The Japanese treatment of POWs in World War II was barbaric. The most severe treatment was directed at the Chinese who were killed in large numbers by a variety of brutal means. Few Chinese survived being taken prisoner by the Japanese. Western POWs were not killed outright like the Chinese. American, Australian, Dutch, and British POWs were starved, brutalized, and used for forced labor. Most of the over 130,ooo Western POWs were taken in the months immediately following the Japanese attack on Pear Harbor (December 1941). The Japanese took 50,000 Australians and New Zealanders at Singapore, 52,000 Dutch and British in Java, and 25,000 Americans in the Philippines. [MacArthur]
The construction of the Burma-Thai railroad was a particularly horendous project in which malnourished British and Australian POWs were forced to do hard labor under the most extrene conditions. POWs were used as slave laborers, working in brutal conditiins, in many others areas such as Japanese coal and copper mines and limestone quaries. Conditions were especially bad in Manchurian coal mines.
Despite the hard labor they were put to, the POWs were fed very poorly. Often it was rotten or magot-infested rice. As a result they contracted scurvy and diseases associated with vitimin defincies like pellagra and beriberi. POWs had to supplement their rations with what ever they could find, including scorpions, snakes, and rats. Sanitation conditions were also poor leading to cholera, dengue fever, diptheria, and dysentary.
The POWs were also subjected to savage treatment by the camp guards. Beatings with sticks and wire were common place. Guards devised a range of fiendish tortures. Lighted cigaretts butts were pressed to flesh and stick into noses and ears. There were crucifictions. Men were made to hold buckets filled with sand or water in the sun for hours on end. Men were forced to swollow gallons of water and then the guards kicked or jumped on their stomachs. There were also executions, including shooings and beheadings.
Some were even used for medical experiments, including live vivisections and assessments of biological weapons.
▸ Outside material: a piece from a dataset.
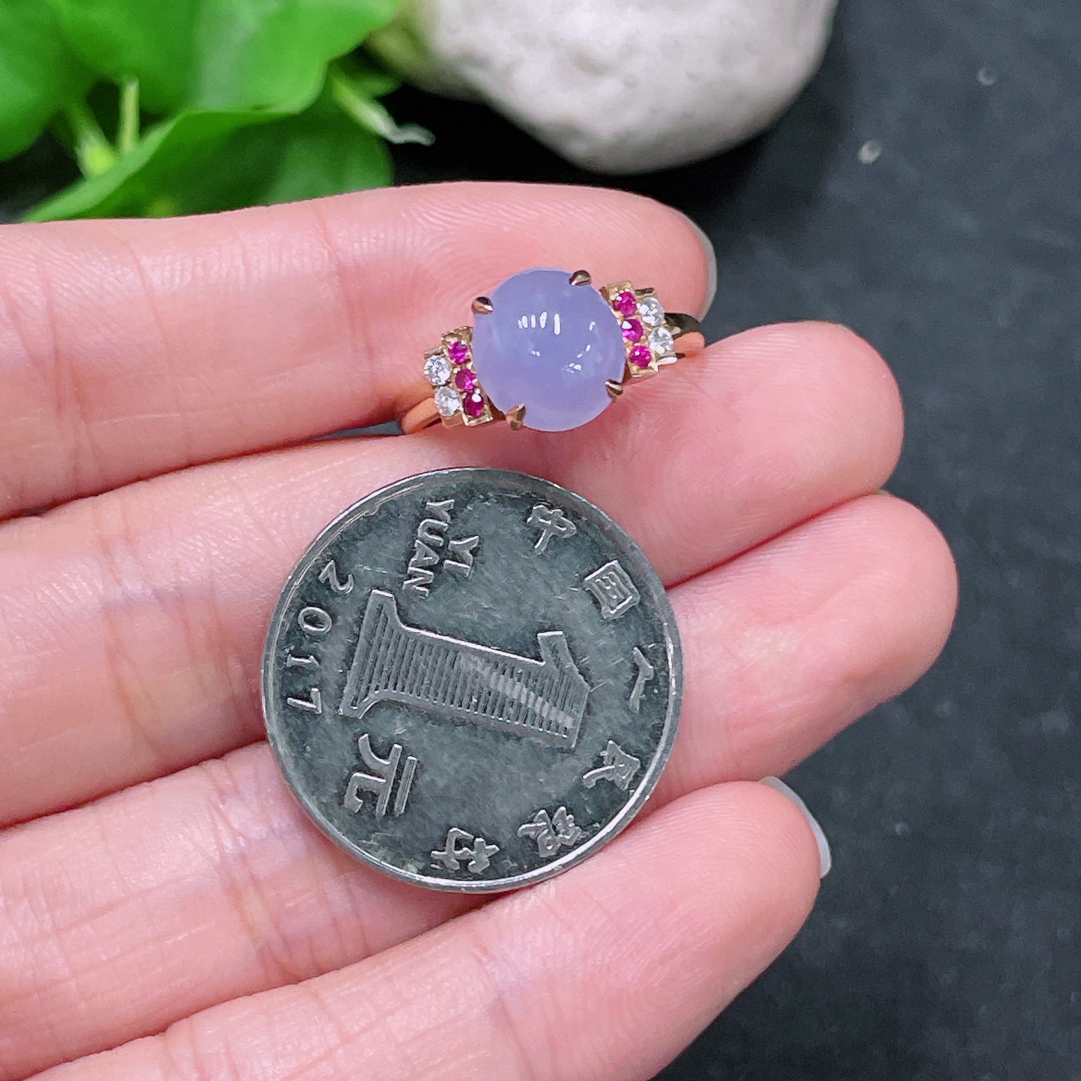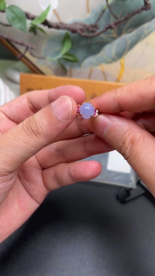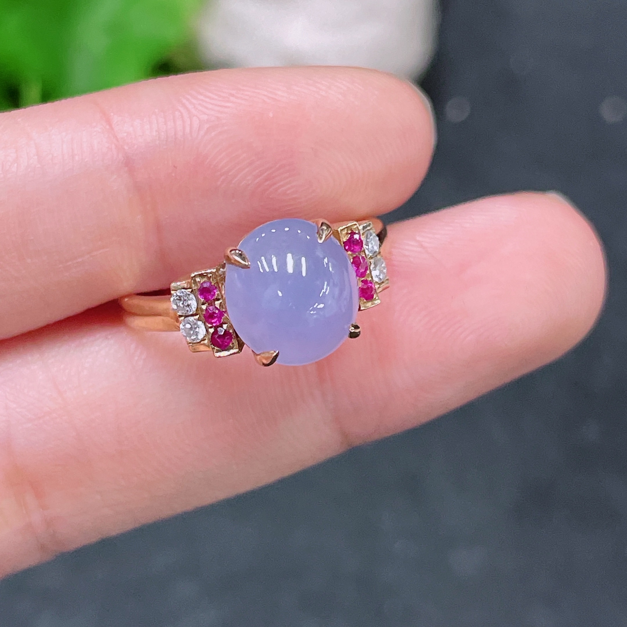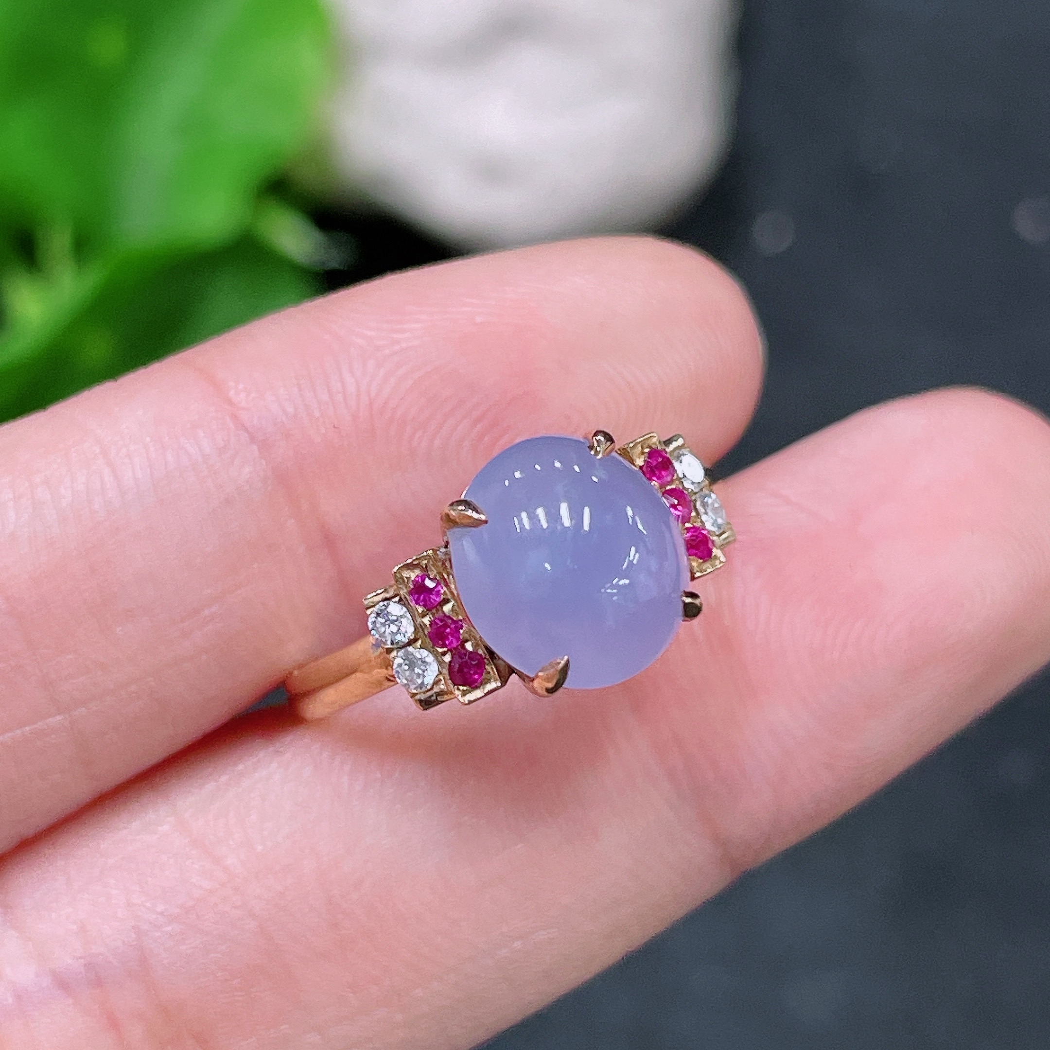 Jadeite Inlaid Ring 18k with Diamond (Colorless)

Some POWs were shot at the end of the War in an effort to prevent accounts of their mistreatment to become public. We are unsure how extensive such incidents were. We know of one such incident in the Dutch East Indies. The Japanese shot about 100 American contract workers on Wake Island.
Most of the Western Pows were taken taken in early 1942 and thus spent about 3½ years in Japanese custody. As a result of the horrendous conditins and atrocities, 27 percent of the POWS perished. This compared with 4 percent of Germans in Allied POW camps. (The small number of Japanese POWs in American care do not provide a valid comparison.) Fully one-third of the deaths occurred among the POWs put to building the Thailand-Burma railroad that the Japanese constructed to support their invasion of India. After 3½ years in Japanese camps, the surviving POWs were reduced to skeletons and in apauling condition. If the War had not ended when it did, the survival rate would have been much lower than the already horendous rate.
Few young Japanese are aware of thes and other atrocities committed in Japan's name. Much of their concept of World War II centers on the Atmic boms dropped on Hiroshima and Nagasaki and the view as Japan as a victim of the war.
MacArthur, Brian. Surviving the Sword: Prisionors of the Japanese in the Fat East, 1942-45 (Random House, 2005), 458p.